For planar structure design methods, the design of broadband FSS is similar to that of multi-frequency FSS, usually involving complex designs on the plane through rotations, combinations, folding, and splicing of metallic patches. This method can effectively reduce the coupling effects between the metallic patches, thereby decreasing the resonance strength and slowing down the frequency variation rate of the original frequency response curve. Specifically, this results in the lowest frequency of the passband shifting to lower frequencies, while the highest frequency of the passband extends to higher frequencies, thus effectively expanding the FSS transmission bandwidth. However, like the combination of units in multi-frequency FSS, this method still faces the problem of grating lobes. In 2016, Canadian scholar Arun Kesavan designed a single-layer FSS with a wide stopband based on the traditional Jerusalem cross element [39]. In the same year, Rabia Yahya from Bangkok University, Thailand, proposed a single-layer FSS design with a wide stopband based on the combination of square and circular rings (Figure 3) [40].

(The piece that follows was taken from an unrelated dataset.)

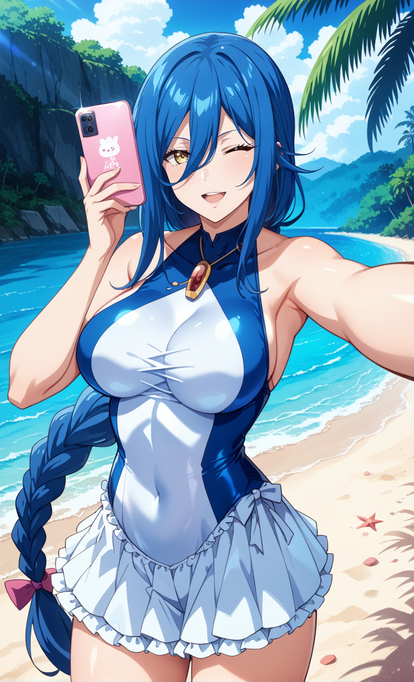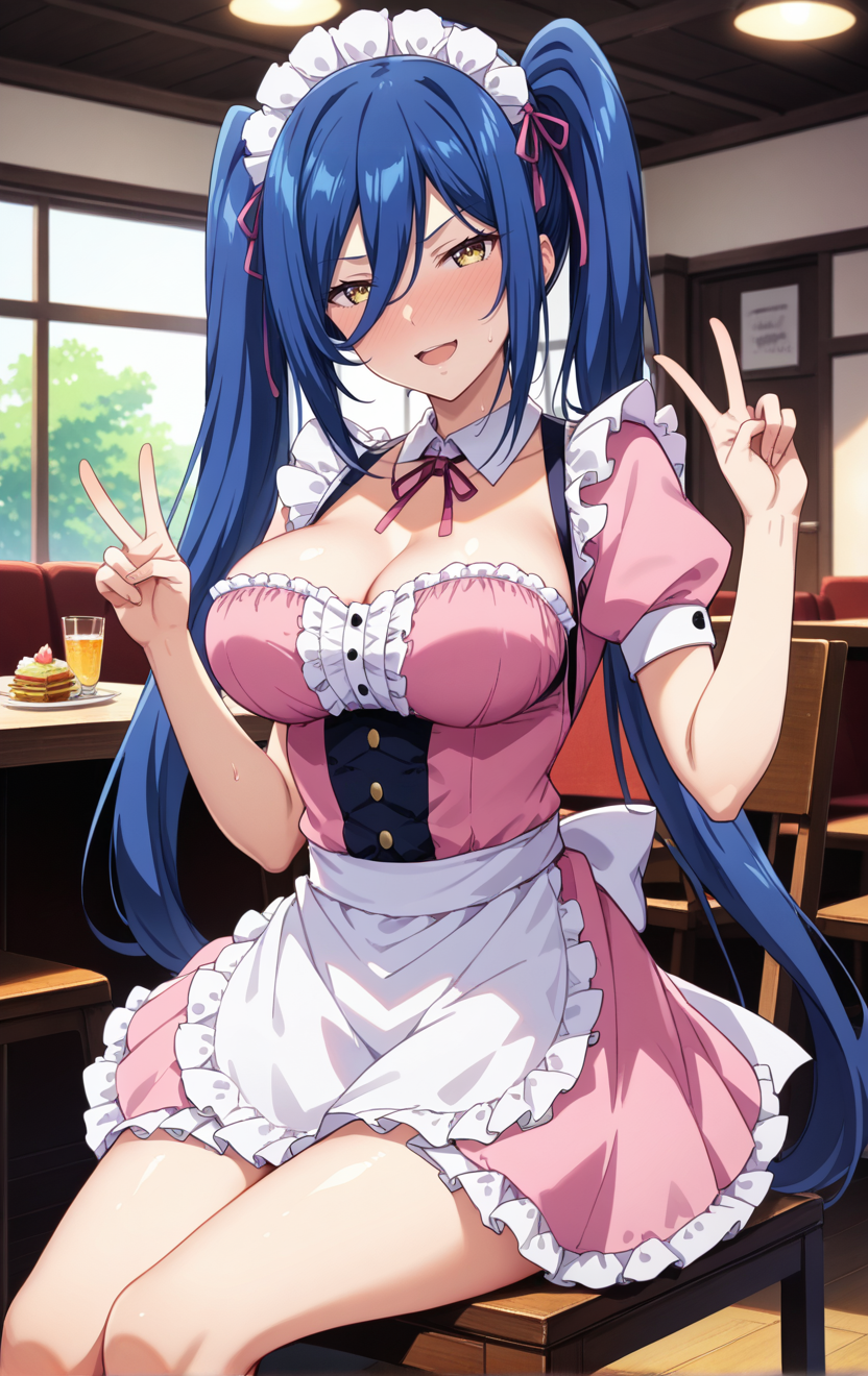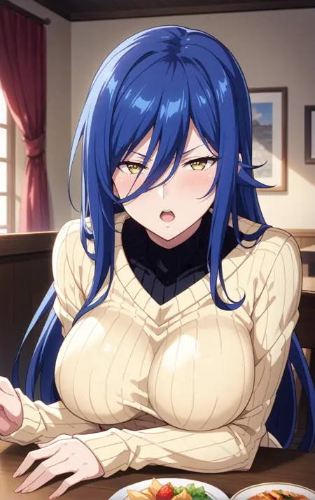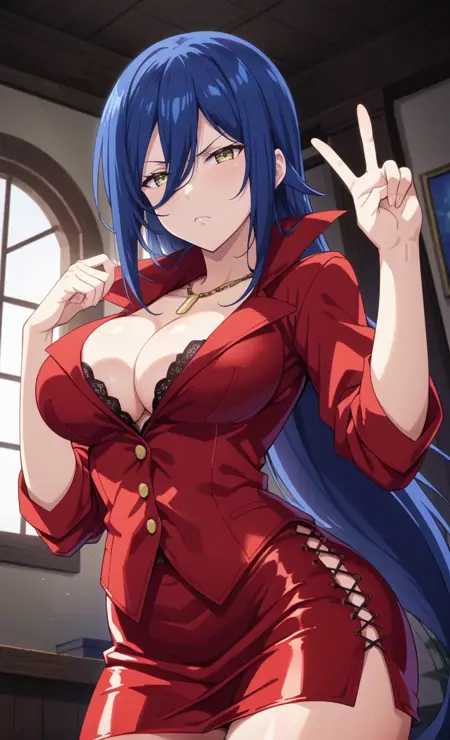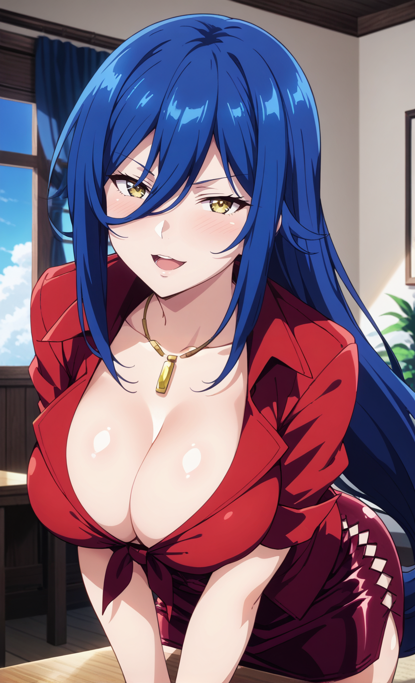 highschoolddKalawarnar, best quality, masterpiece, uncensored, 1girl,solo,long hair,hair between eyes,yellow eyes,(half closed eyes:0.9),glaring,blue hair, shiny skin,breasts,cleavage,necklace,red shirt,red skirt, pencil skirt,lora:HighSchoolDDKalawarnar4thtail\_9:1

The principle of the multilayer cascade design method is similar to that of microwave filters to enhance bandwidth. By increasing the filter order, i.e., increasing the number of FSS layers, multiple adjacent passbands are merged and spliced, thus effectively expanding the operating bandwidth [41,42]. However, multilayer structures inevitably introduce insertion loss, and as the angle of incidence of the electromagnetic wave increases, the insertion loss within the passband also increases. Therefore, when using multilayer cascade designs for broadband FSS, it is essential to strictly control the number of layers in the FSS structure to ensure that the insertion loss within the passband remains within acceptable limits. Li Da and others proposed a low-profile broadband bandpass FSS, whose overall structure consists of three metallic layers [41]. Indian scholars Ramprabhu Sivasamy and others designed a three-dimensional broadband FSS based on concentric threaded cylinders [42]. In

Table 2. Comparison of transmission characteristics of three broadband structure.

Structure	Operating Band/GHz	−3 dB Relative Bandwidth/%
Single-layer FSS [40]	3–12	83
Multilayer FSS [41]	3.9–10.3	90
3D FSS [42]	24.6–30.4	21

, we compare the performance of broadband FSS with three different structures.

2.4. High-Selectivity FSS

High-selectivity FSS features a sharp cutoff characteristic and strong out-of-band suppression capability, enabling more effective differentiation between the electromagnetic waves transmitted by our antenna system and those detected by enemy radar. This helps reduce the out-of-band radar cross-section (RCS) of the radome while maintaining the normal operation of the antenna system, thereby improving the radar signature reduction and stealth performance of the radome. The mainstream approach to achieving high-selectivity FSS is to use a cascaded design of multiple FSS layers to achieve higher-order filtering characteristics [43,44,45,46,47,48]. From the perspective of equivalent circuits, as the number of cascaded layers increases, it is equivalent to increasing the order of the filter circuit, thereby enhancing the overall filtering performance of the FSS and making the frequency response curve steeper with higher selectivity.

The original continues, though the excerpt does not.